Required action:
Go to the line that contains "These bouquets feature", then write out that line and all that follow to the end of the listing, exactly and without pictures.

*** Extracted information ***

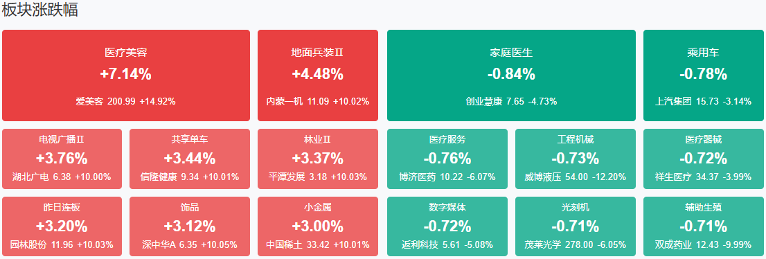 板块方面,军工、小金属、猪肉、国资云板块涨幅居前;光刻机、游戏、CPO概念股表现落后。
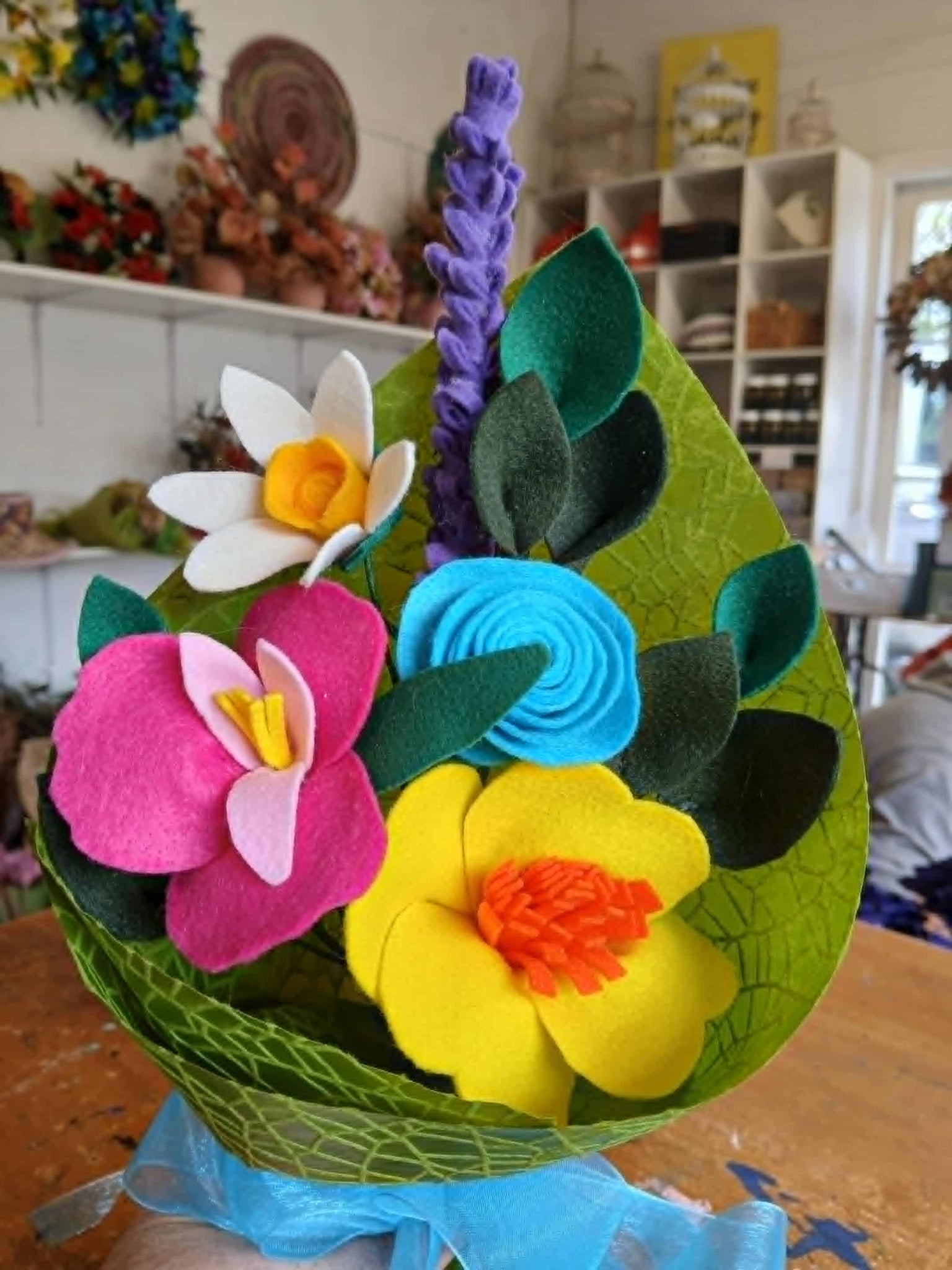 These bouquets feature 5 different felt flowers and 3 foliage stems. Each flower is hand cut and assembled using wool blend felt.
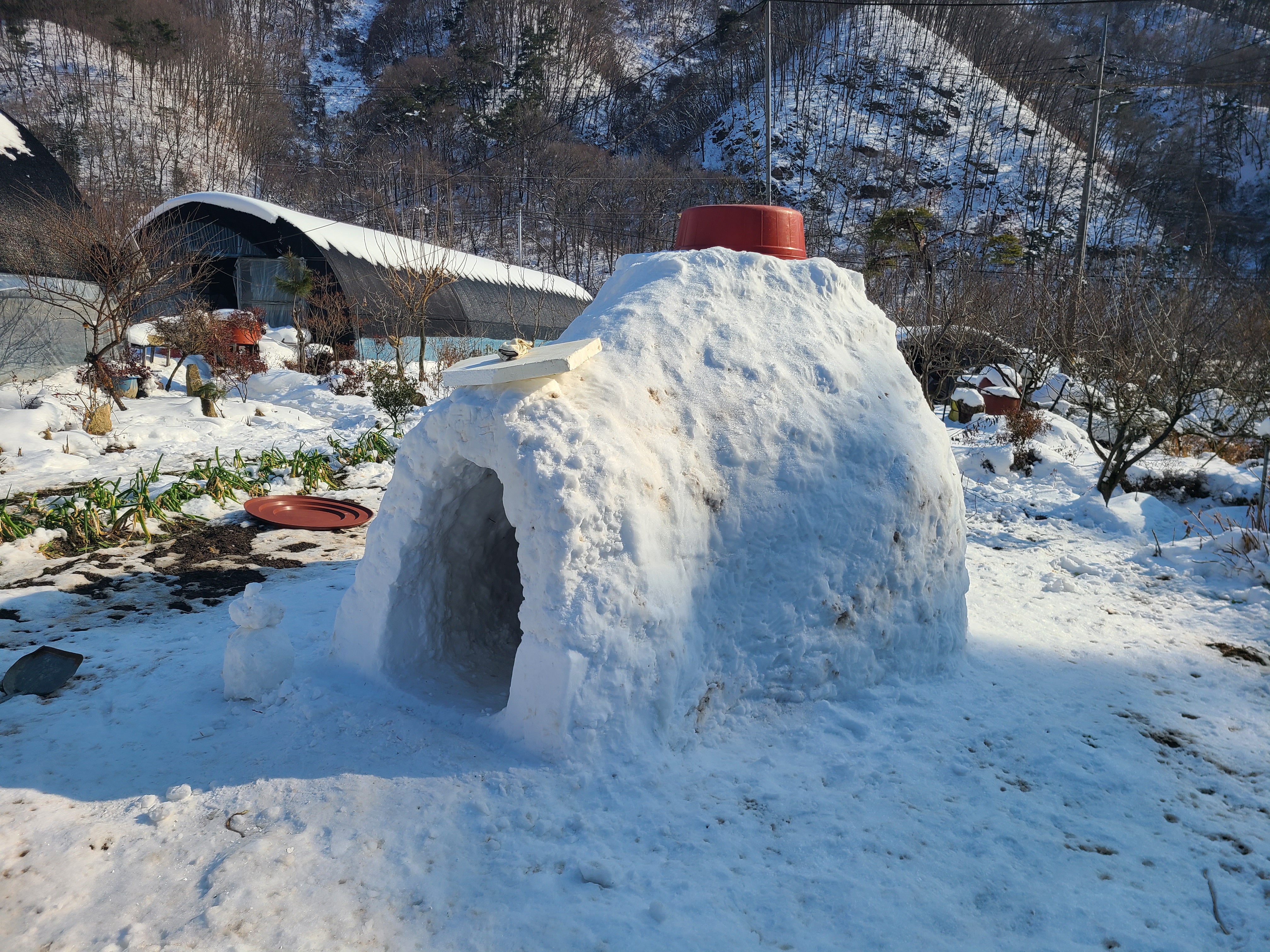 김치통에 눈을 얼려 만드셨다고 하는데, 그만큼 눈이 많이 왔다는 반증이다.
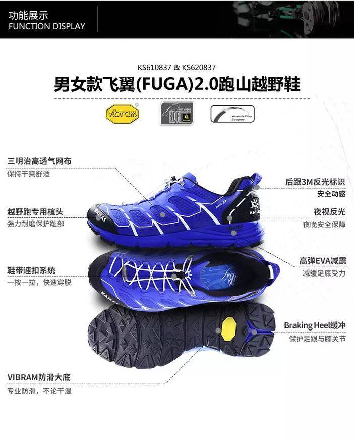 KAILAS fuga 2.0(飞翼)是KAILAS在2017年推出的第二代越野跑鞋,同时也是KAILAS小太阳队和非凡之队标配的越野跑鞋。下面跟随我的脚步,先睹为快,来体验这一款适合竞速的越野跑鞋。
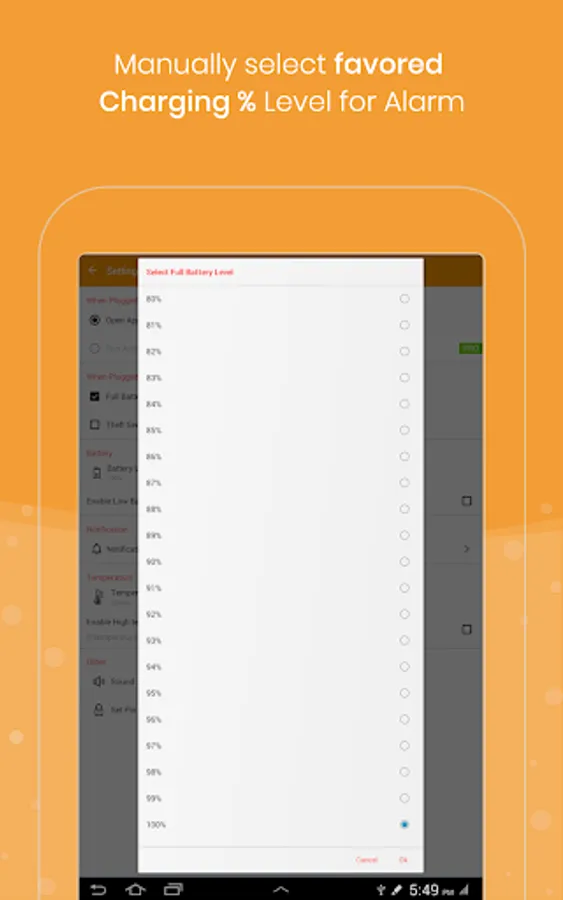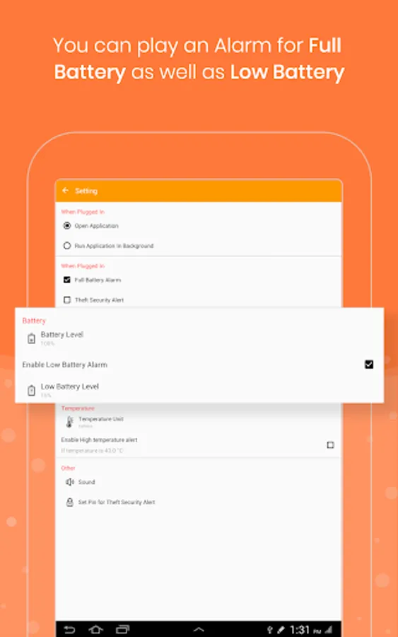 Enable battery notification to get notification about battery percentage level and battery temperature alert.
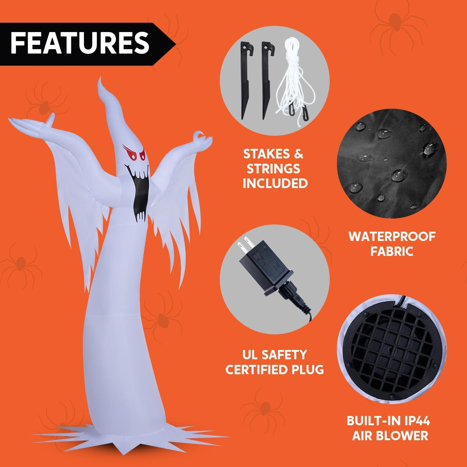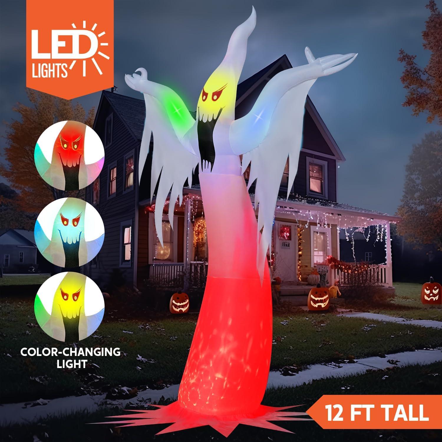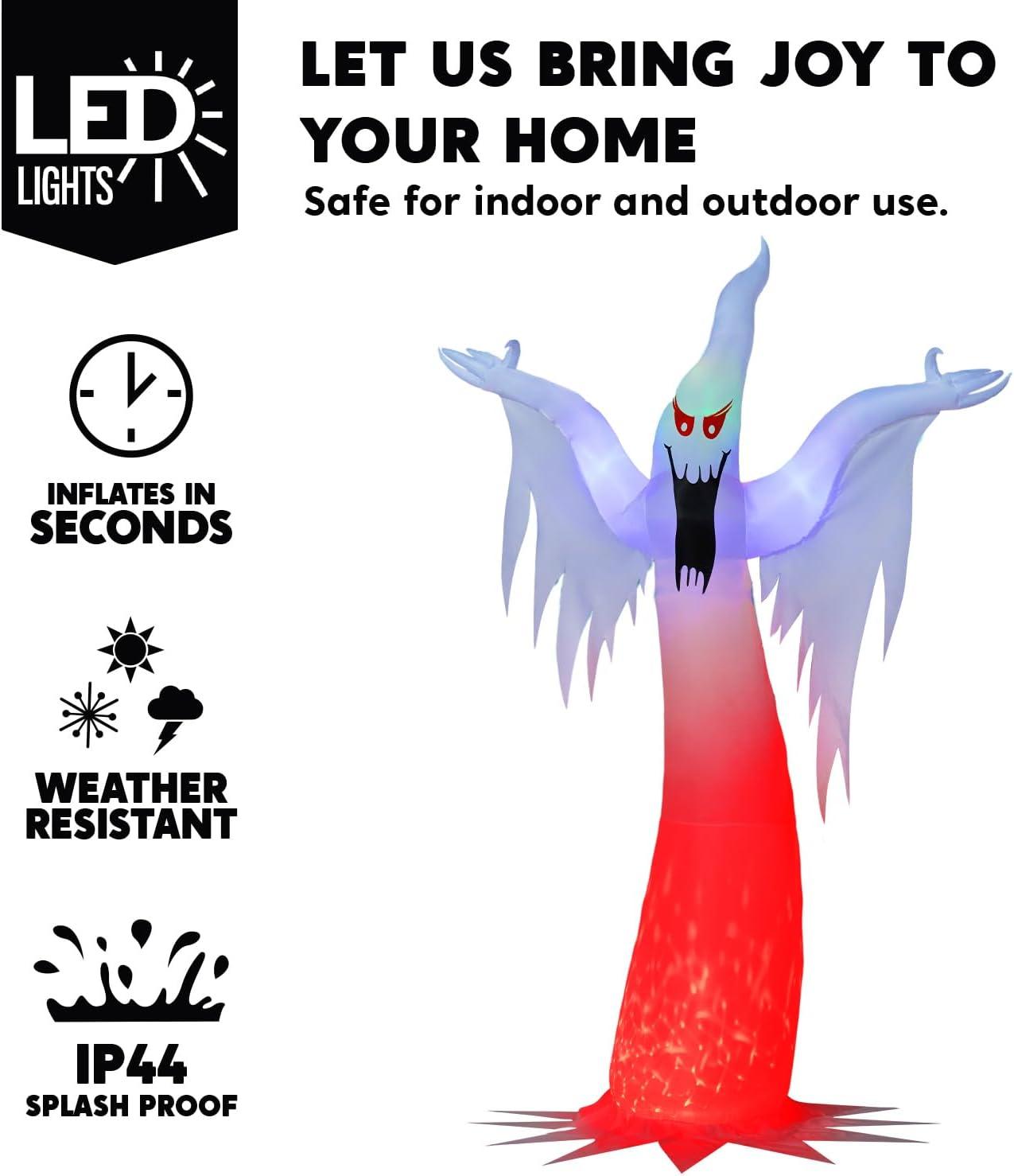 Excellent Design. This 12 feet tall Halloween inflatable ghost decoration features the color-changing lights on the top and fire-flaming lights at the bottom, creating a chilling and eerie atmosphere. Its life like appearance and attention to detail make it a standout piece that will capture the attention of all who sees it. This inflatable comes with an extended cord, ground stakes, fastened ropes, built-in sandbags, and a plug with UL certification.

*** End of Extracted information ***

The completed task:
 These bouquets feature 5 different felt flowers and 3 foliage stems. Each flower is hand cut and assembled using wool blend felt.
 김치통에 눈을 얼려 만드셨다고 하는데, 그만큼 눈이 많이 왔다는 반증이다.
 KAILAS fuga 2.0(飞翼)是KAILAS在2017年推出的第二代越野跑鞋,同时也是KAILAS小太阳队和非凡之队标配的越野跑鞋。下面跟随我的脚步,先睹为快,来体验这一款适合竞速的越野跑鞋。
 Enable battery notification to get notification about battery percentage level and battery temperature alert.
 Excellent Design. This 12 feet tall Halloween inflatable ghost decoration features the color-changing lights on the top and fire-flaming lights at the bottom, creating a chilling and eerie atmosphere. Its life like appearance and attention to detail make it a standout piece that will capture the attention of all who sees it. This inflatable comes with an extended cord, ground stakes, fastened ropes, built-in sandbags, and a plug with UL certification.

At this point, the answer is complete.